08.09.2017 -
Es gibt unzählige Börsenweisheiten, die Anlegern versuchen vorzuschreiben, was sie zu tun haben oder besser lassen sollten. Ein gewichtiges Risiko haben sie jedoch meist nicht zum Thema. Höchste Zeit, das zu ändern.
Es gibt einen Fehler, den Anleger unseres Erachtens allzu bereitwillig begehen. Nicht nur die Privatanleger, sondern auch die Profiinvestoren und all die computerbasierten Anlagestrategien, die von den Anlageprofis und/oder Wissenschaftlern gefüttert werden. Viele, die sich mit dem Thema Geldanlage beschäftigen, glauben, die Vergangenheit tauge stets als Blaupause für die Zukunft. Problematischer noch: Sie schreiben Daten von gestern einfach fort. Das ist bequem, vermittelt ein wohliges Gefühl von Sicherheit – im Grunde ist das nachvollziehbar. Wenn Bundesanleihen in den vergangenen Jahren einen Ertrag von vier Prozent pro Jahr erwirtschaftet haben, dann wird das auch in den kommenden Jahren gewiss so sein. Sie stabilisieren ein Portfolio bei überschaubaren Risiken. Punkt.
Wer so denkt, könnte künftig aber ein Problem bekommen.
Denn die wahrscheinlich wichtigste Entscheidung, die ein Anleger treffen muss, betrifft die „Asset Allocation“: Wie teile ich mein Vermögen auf verschiedene Anlageklassen auf? Zu welchen Anteilen soll zum Beispiel in Anleihen oder Aktien investiert werden? Diese Einschätzung ist gar nicht einfach. Zumal es eine „optimale“ Asset Allocation nicht gibt – eben weil die Geschichtsbücher nur bedingt Rückschlüsse liefern auf das, was da kommen mag. Niemals war es so wichtig, sich das bewusst zu machen wie in diesen Tagen.
Renditen und Risiken verschiedener Anlagen können heute völlig anders sein als früher. Am deutlichsten zeigt sich das beim Blick auf die Anleihenmärkte: Niemals in den vergangenen 5.000 Jahren waren die Zinsen so tief wie heute.
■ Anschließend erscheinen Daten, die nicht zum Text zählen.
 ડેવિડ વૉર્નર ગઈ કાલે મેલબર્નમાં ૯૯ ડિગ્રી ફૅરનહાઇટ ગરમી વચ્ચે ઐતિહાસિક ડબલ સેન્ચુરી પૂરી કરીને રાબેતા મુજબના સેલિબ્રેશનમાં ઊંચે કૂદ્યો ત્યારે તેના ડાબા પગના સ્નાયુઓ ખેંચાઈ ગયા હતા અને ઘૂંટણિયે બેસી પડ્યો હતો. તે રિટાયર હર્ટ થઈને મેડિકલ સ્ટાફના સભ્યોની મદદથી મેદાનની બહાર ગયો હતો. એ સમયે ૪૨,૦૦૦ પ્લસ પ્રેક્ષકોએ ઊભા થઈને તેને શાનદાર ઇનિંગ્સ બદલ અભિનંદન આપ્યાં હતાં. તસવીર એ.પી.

Mario Draghi, der Chef der Europäischen Zentralbank und maßgeblich verantwortlich für die Nullzinspolitik, hat ebendiese als „Neuland“ beschrieben, das man betreten habe.
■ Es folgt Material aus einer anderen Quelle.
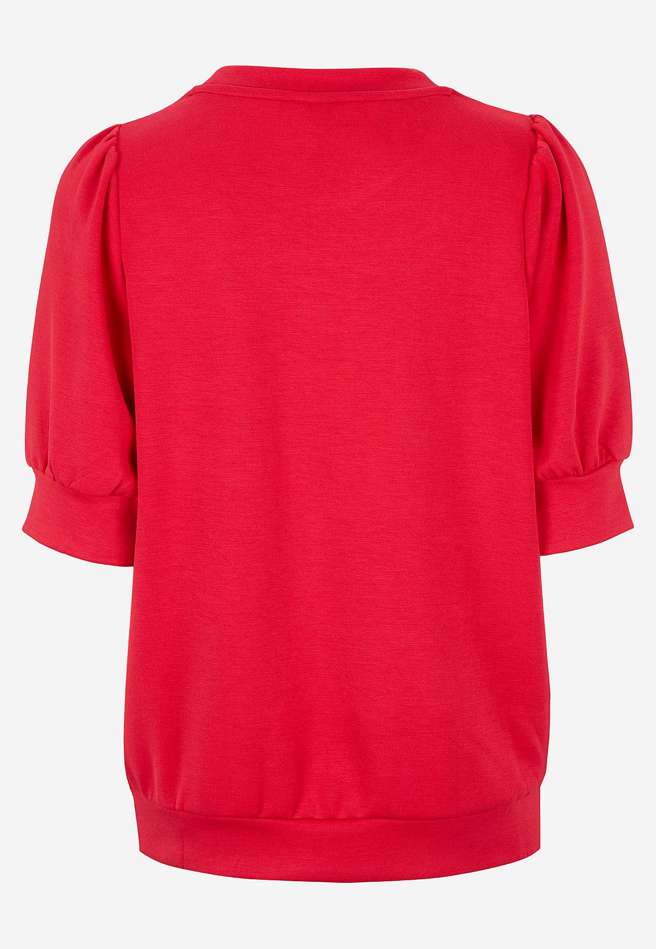 Trøje i silkeblød, lidt kraftigere jersey. Rund hals. Samling på skuldrene. Korte ærmer med ribkant og samling ved manchetterne. Lige søm med ribkant. Længde ca. 65 cm i størrelse S (38).

Das Zinsniveau hat ganz direkt Auswirkungen auf das Ertragspotenzial von Anleihen. Eine langlaufende Bundesanleihe, vor einigen Jahren gekauft, wäre ein sehr gutes Investment gewesen. Weil die Renditen gefallen sind, sind die Kurse gestiegen. Betrachtet man die erfreuliche Kursentwicklung, könnte man heute zu dem Ergebnis kommen, dass Bundesanleihen hohe Renditen bei niedrigem Risiko bringen – und deshalb einen nennenswerten Anteil am Portfolio ausmachen sollten. Soweit die auf den historischen Daten beruhende Theorie. Die Welt hat sich aber verändert: Die Chancen von Anleihen sind gesunken, die Risiken im besten Fall unverändert. Damit hat auch die Diversifikationsfunktion von Anleihen gelitten.
Wer heute ein Portfolio zusammenstellt, muss unseres Erachtens deshalb zwingend das aktuelle Umfeld berücksichtigen: Die Geldmarktzinsen sind negativ, kurzlaufende Bundesanleihen haben ebenfalls eine Rendite deutlich unterhalb des Nulllinie. „Sicherheit“ wird also mit einem garantierten nominalen und realen Vermögensverlust erkauft. Wer auf weitere Kursgewinne hofft, muss davon ausgehen, dass der Zins auch für länger laufende Anleihen deutlich in den negativen Bereich fallen kann. Mag sein, dass er damit richtig liegt. Die Wahrscheinlichkeit, dass die Anleihekurse fallen (und die Renditen steigen) ist nahe der Nulllinie unseres Erachtens aber größer als umgekehrt.
Um bei der Asset Allocation nicht den Fehler zu machen, aus der Vergangenheit die Zukunft abzuleiten, haben Anleger grundsätzlich zwei Möglichkeiten, mit dem veränderten Zinsumfeld umzugehen: Entweder sie erhöhen den „risikoreicheren“ Anteil ihres Depots (zum Beispiel Aktien) zu Lasten der vermeintlich sicheren Anleihen und erhöhen ihre Kasse- oder Liquiditätsposition. Oder sie gehen bei der Auswahl der Anleihen sehr viel aktiver und opportunistischer vor als in der Vergangenheit und arbeiten an einem vollständigen Verständnis von Chancen und Risiken – auch ihrer Anleiheinvestments.
So oder so: Als „risikoarme Ertragsbringer“ taugen Anleihen in der neuen Welt (bis auf weiteres) nicht mehr.